В кармане обнаружил солдатскую книжку, на имя Гаврилюка Петра Захаровича, двадцатого года рождения. Пришлось её спрятать, так как, разница в годах была слишком большая. Быстро снял свой костюм и рубашку с галстуком. Переоделся, хотя и было неприятно надевать на себя одежду с убитого, и долго провозился с обувкой. Благо, размер был слегка великоват. Теперь нужно было подумать об оружии. Взял винтовку и передёрнул затвор. Оттуда выпал всего один патрон. В подсумках, карманах и сидоре было пусто, на дне окопа валялись только стреляные гильзы. ?Брать винтовку с одним патроном в надежде со временем разжиться ими? А если нарвусь на немцев? Увидев меня с оружием - сразу выстрелят. Нет, с одним патроном не навоюешь, а потом повезёт, и найду что-нибудь подходящее. И угораздило же меня попасть на войну! Интересно, какой сейчас год? Сорок первый или сорок второй? ?

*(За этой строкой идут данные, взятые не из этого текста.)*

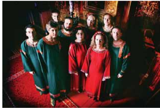
Orthodox Singers – vene kõrgekultuuri esindaja Eestis.

Kontserdi piletid saab osta Piletilevi müügipunktidest ja tund enne algust kohapeal. Lisainfo www.orthodoxsingers.com .
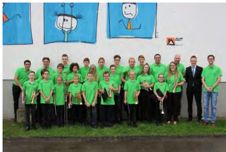
Cadets de Courroux-Courcelon
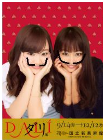
【撮影仕上がりイメージ】
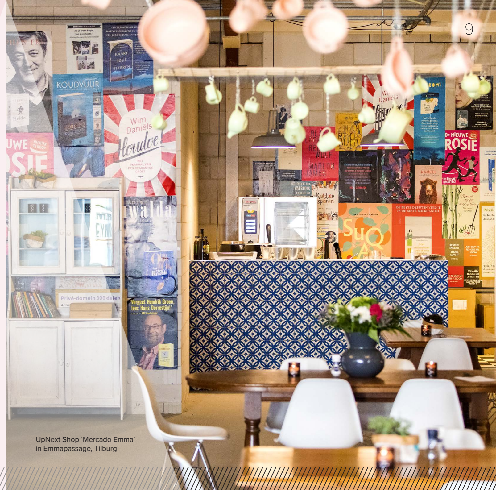
UpNext Shop 'Mercado Emma' in Emmassage, Tilburg

UpNext Shop locaties zijn direct beschikbaar in verschillende afmetingen in alle Wereldhave centers.
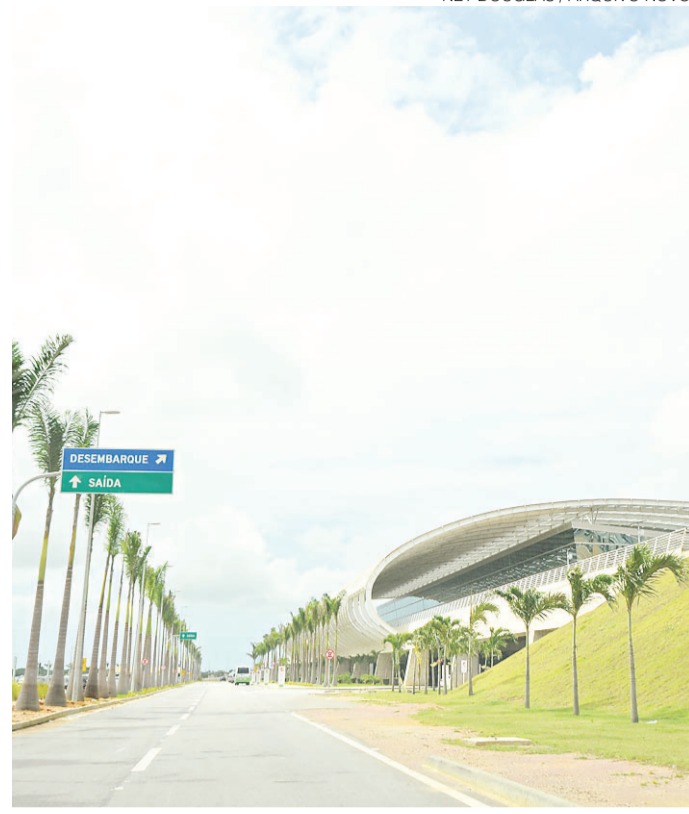
// Terminal aéreo fica bem posicionado mais uma vez

Para o ministro, os instrumentos de ajuste fiscal mais fáceis foram esgotados e o país precisa, agora, enfrentar questões de longo prazo para voltar a crescer. A solução estaria, segundo ele, na estabilidade fiscal e na criação de novas condições de financiamento da economia.
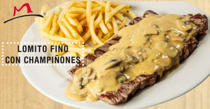
LOMITO FINO CON CHAMPIÑONES
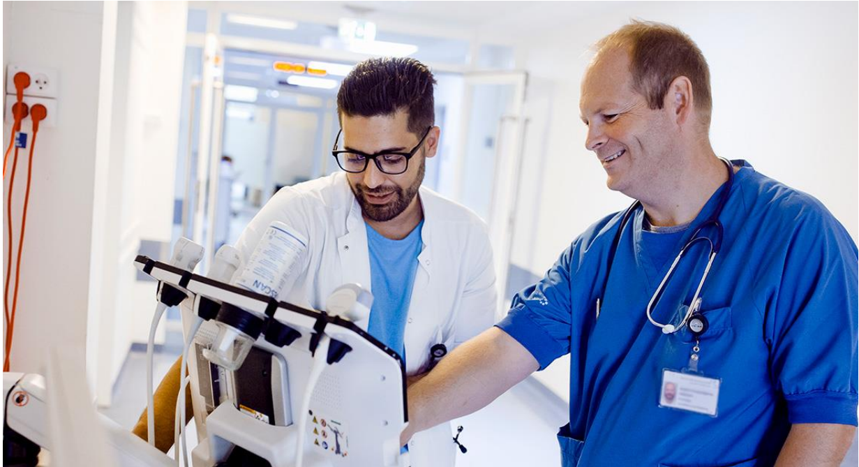
Speciallæger bevarer som udgangspunkt deres lokale løntillæg efter 1. april 2027.

Hvad sker der med lokalaftaler, hvis den nye fælles overenskomst for speciallæger og overlæger bliver vedtaget?
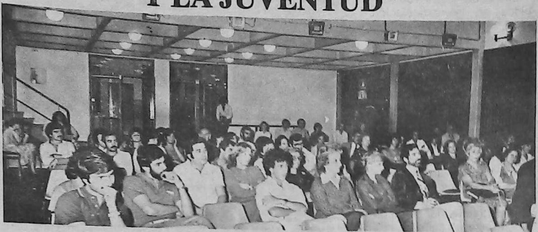
Durante la conferencia.
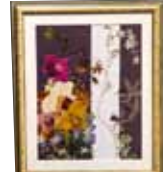
粋 山内 ヨシ子
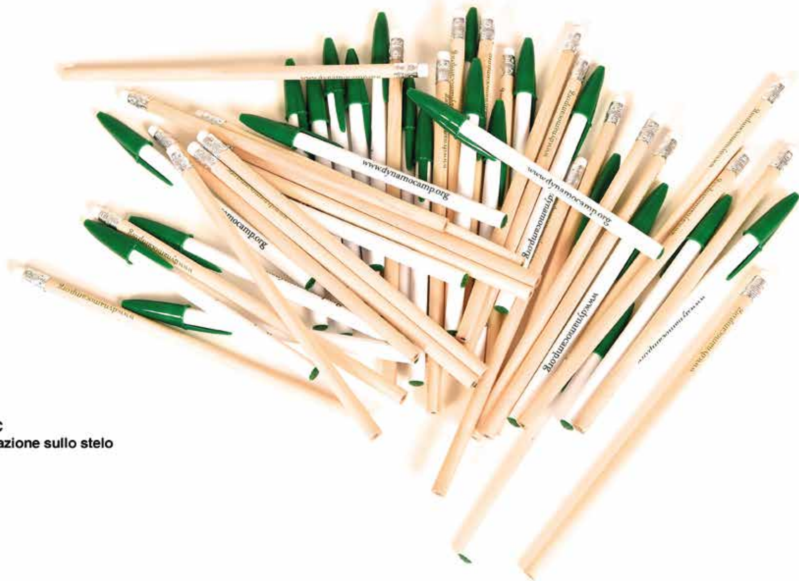
MATITE E BIC - Personalizzazione sullo stelo
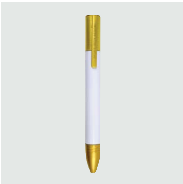
BOL 574 Bolígrafo Doré
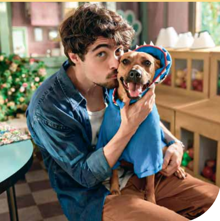
Caramelo en Netflix.
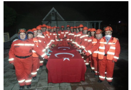
Selimpaşa Yemin Töreni

İstanbul Silivri- Silivri Belediyesi`nin sağladığı konteyner ve ekipman katkısıyla gerçekleştirdiğimiz Selimpaşa mahallesi MAG uygulamasında eğitimler 04 Aralık`da başladı ve 13 Ocak Pazar günü pratik eğitimle tamamlandı. Eğitim sonrası kısa süren kış gününün akşama dönmesi ile Selimpaşa mahallelileri yeminlerini Bakırköy Sivil Savunma alanı bahçesinde akşam karanlığında yaptılar. Fenerlerle aydınlatılan alanda Selimpaşa MAG`larının yüksek sesle yaptığı yemin izlenmeye değerdi.
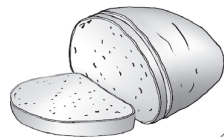
die Scheibe Brot
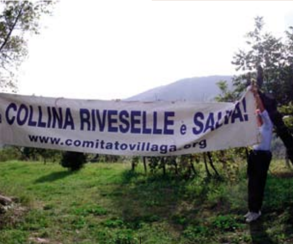
Manifestazione del Comitato Villaga contro il progetto di cava nella collina delle Riveselle, una delle battaglie sostenuta dal comitato con esito favorevole.

In genere i comitati nascono allo scopo di far fronte ad un'emergenza e cessano di esistere quando il motivo di contestazione viene meno, nell'arco di pochi mesi o fino a qualche anno. Sia in caso di vittoria che di sconfitta (in ambito vicentino circa 1/3 dei comitati ha visto coronata di successo la propria battaglia: 11 casi su 39), i comitati tendono a rimanere attivi anche una volta superata la fase emergenziale. Dal 1998 ad oggi emerge infatti una tendenza alla stabilizzazione di questi movimenti, che allargano la loro sfera d'interesse a più problematiche ambientali o sociali, avviando contatti con altre componenti della società civile e svolgendo il ruolo di “sentinelle” sul territorio. Negli ultimi anni è cresciuta la tendenza da parte di comitati singoli, spesso isolati nella loro protesta, ad aggregarsi, a fare rete, a coordinarsi con altri comitati. Il coordinamento assume un'importante funzione ‘terapeutica’: è di grande conforto per le persone che partecipano alle attività di un comitato il confrontarsi con altri che vivono lo stesso problema, affrontare insieme ostacoli comuni. In tal modo si punta anche ad ottenere maggiore visibilità e forza d'urto rispetto alle decisioni che riguardano il territorio.
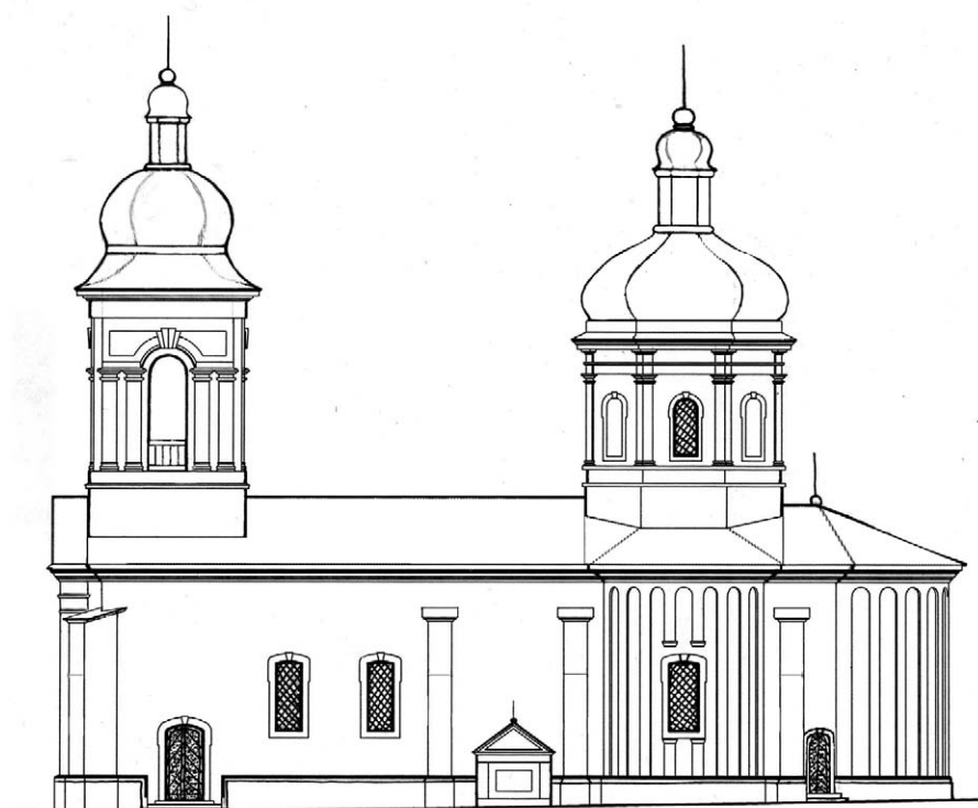
Fig. 1. Biserica Adormirea Maicii Domnului. Plan și reconstituire fațadă de sud (desen de S. Ciocanu).

a fost obținută și din demolarea acelor părți din edificiul bisericii care urmau să fie reconstruite.
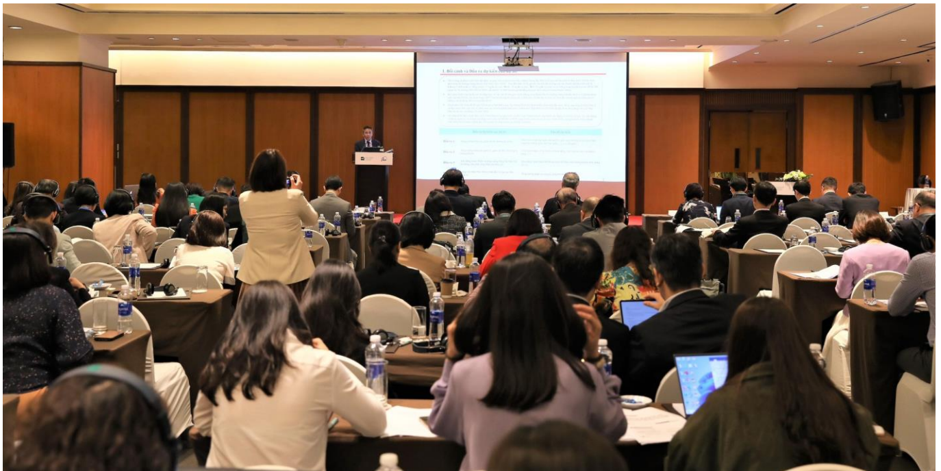
Toàn cảnh Hội thảo
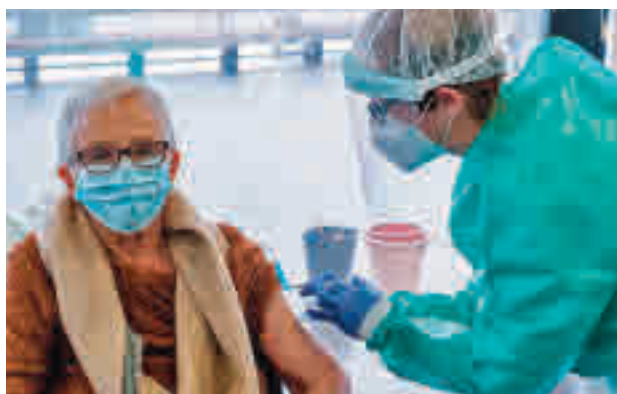
Vacunación en la Comunidad de Madrid

Los sanitarios de los centros públicos de la región ofrecerán a los mayores la posibilidad de hacerlo coincidiendo con sus citas sanitarias o revisiones habituales. La inmunización de las personas
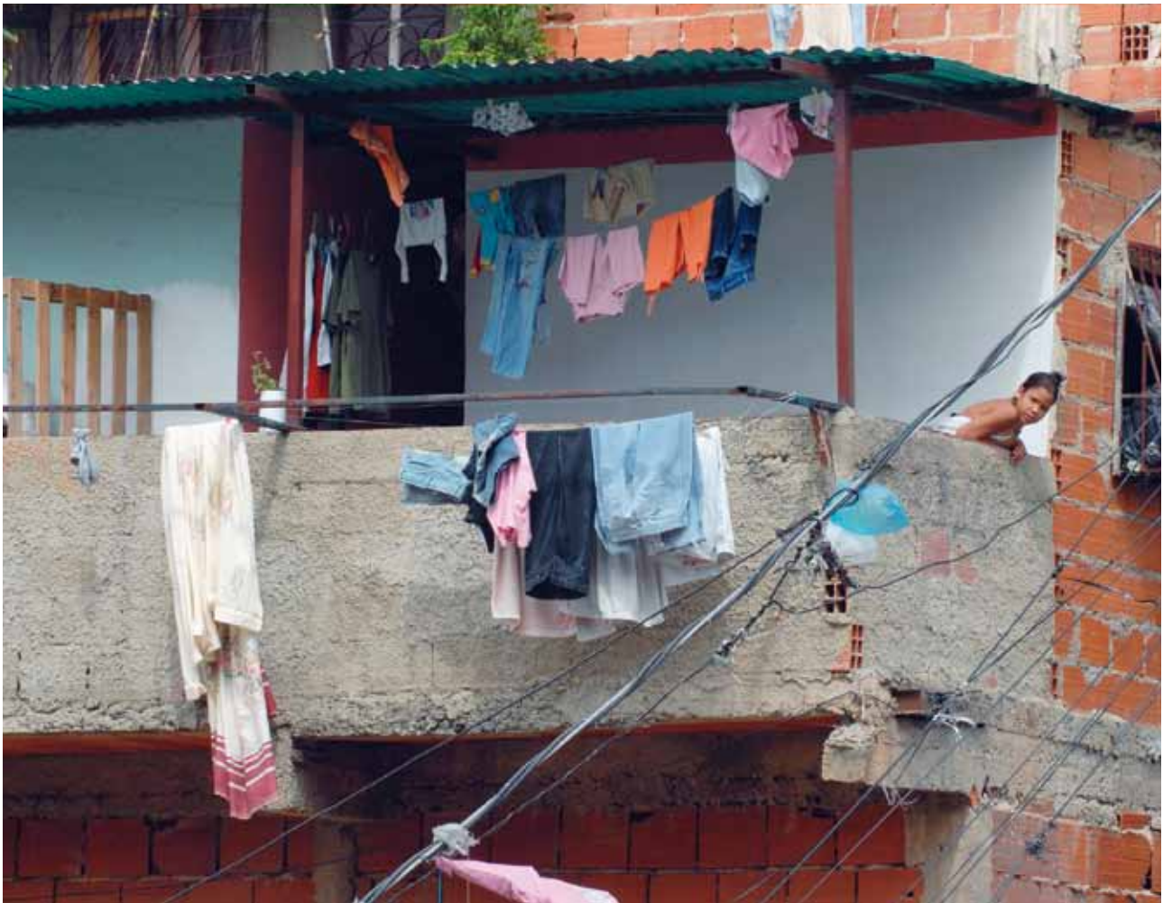
El rápido crecimiento de la población en ciudades como Caracas, la capital de Venezuela, ha aumentado la demanda de viviendas. Muchos jefes de familias pobres se ve afectado por la falta de viviendas adecuadas, localización inconveniente, y escaso acceso a agua limpia, electricidad, transporte público y otros servicios vitales.
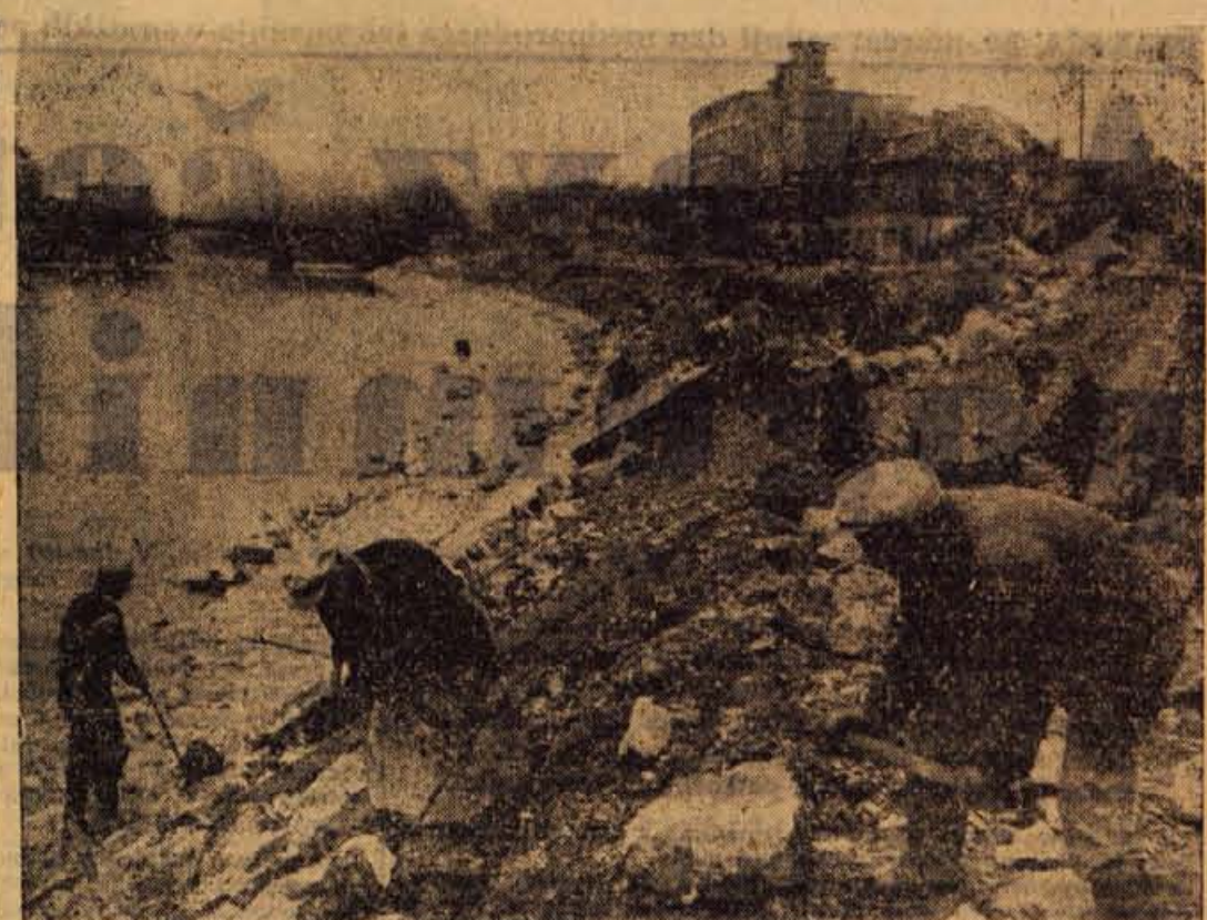
Ob desnem bregu Save, med Tekstilindusom - obrat I. in savskim mostom, delavci nadaljujejo s gradnjo podpornega zidu

Kranj - Člani kranjskega AMD so se vso zimo pripravljali na letošnje tekmovalno sezono. Njihovi treninji so bili omejeni predvsem na kondicijske priprave v telovadnicah. Ze prihodnji teden pa bodo te »suhe« treninge zamenjali s praktičnimi vožnjami na preurejenem dirkališču v Stražišču. Tehnično so se na novo sezono celo dobro pripravili, saj razpolagajo s petimi dirkalnimi stroji, dobro organizirano tehnično službo ter s sodobno tekmovalno stezo, na kateri so že lani izvedli razne izboljšave. - T. P.
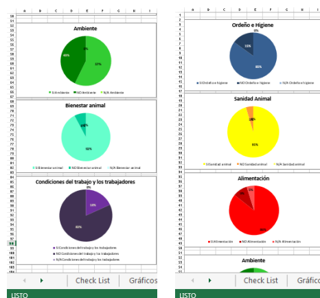
Ejemplos de los gráficos que brinda el software para análisis de datos de la Guía BPT: muestran el grado de cumplimiento de las Buenas Prácticas en el establecimiento en estudio, por etapa y por eje temático.
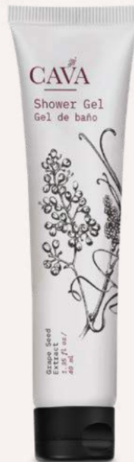
Gel de baño 40ml Cod. 4052-L19 Caja con 150pzas.
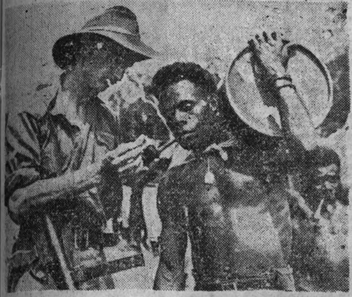
Un indigena de Nueva Guinea recibe fue- go de un soldado australiano. Muchos nativos son empleados por las tropas australianas para llevar suministros a los puestos avanzados de la jungla, que ellos conocen muy bien.
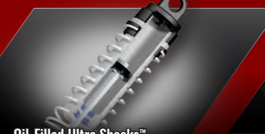
Oil-Filled Ultra Shocks™
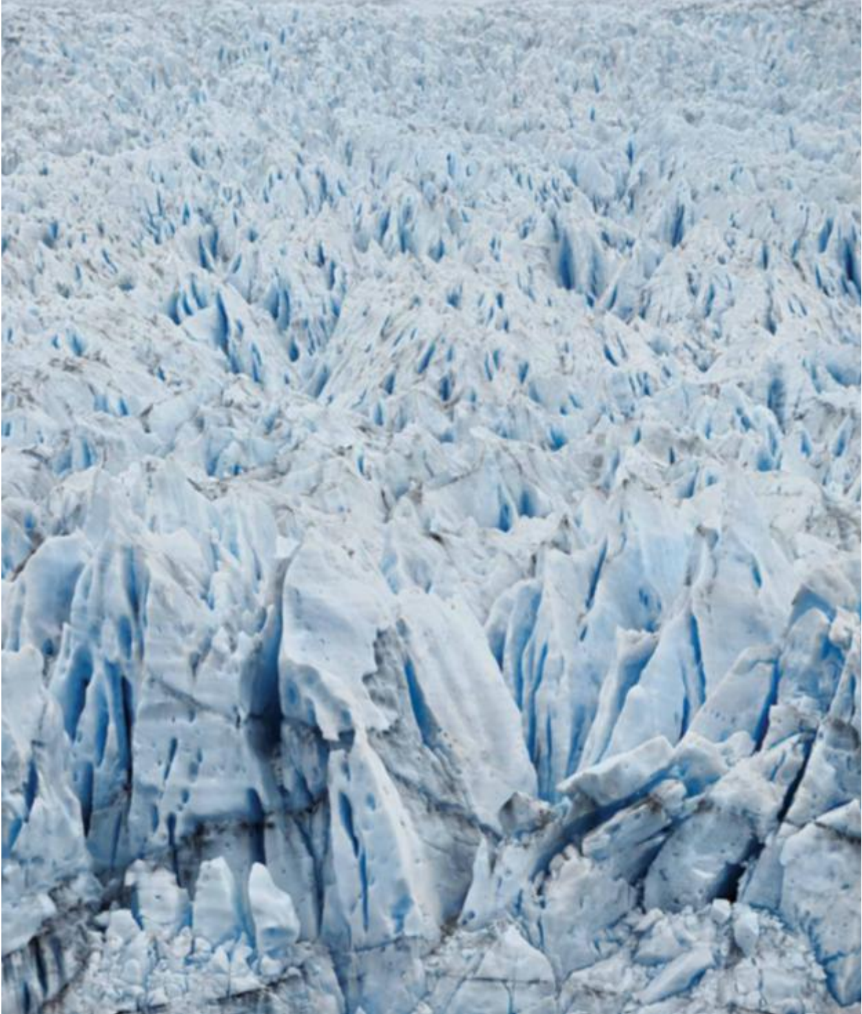
PERITO MORENO #04

Но времени, чтобы обдумать этот вопрос, ему не дали немцы. На их позициях стихла стрельба, и оттуда появились шеренги солдат, которые под прикрытием брони, двинулись на позиции советских войск, откуда не раздавалось ни одного выстрела.
Калугин, пригибаясь, побежал на правый фланг, где не могло быть немцев, так, как там была низина, и между деревьев проглядывала вода. Вспомнил про свою одежду и быстро вернулся. Закапывать было нечем, пришлось слегка присыпать глиной, имевшейся под ногами, опасался высовываться из окопа, чтобы нагрести из бруствера.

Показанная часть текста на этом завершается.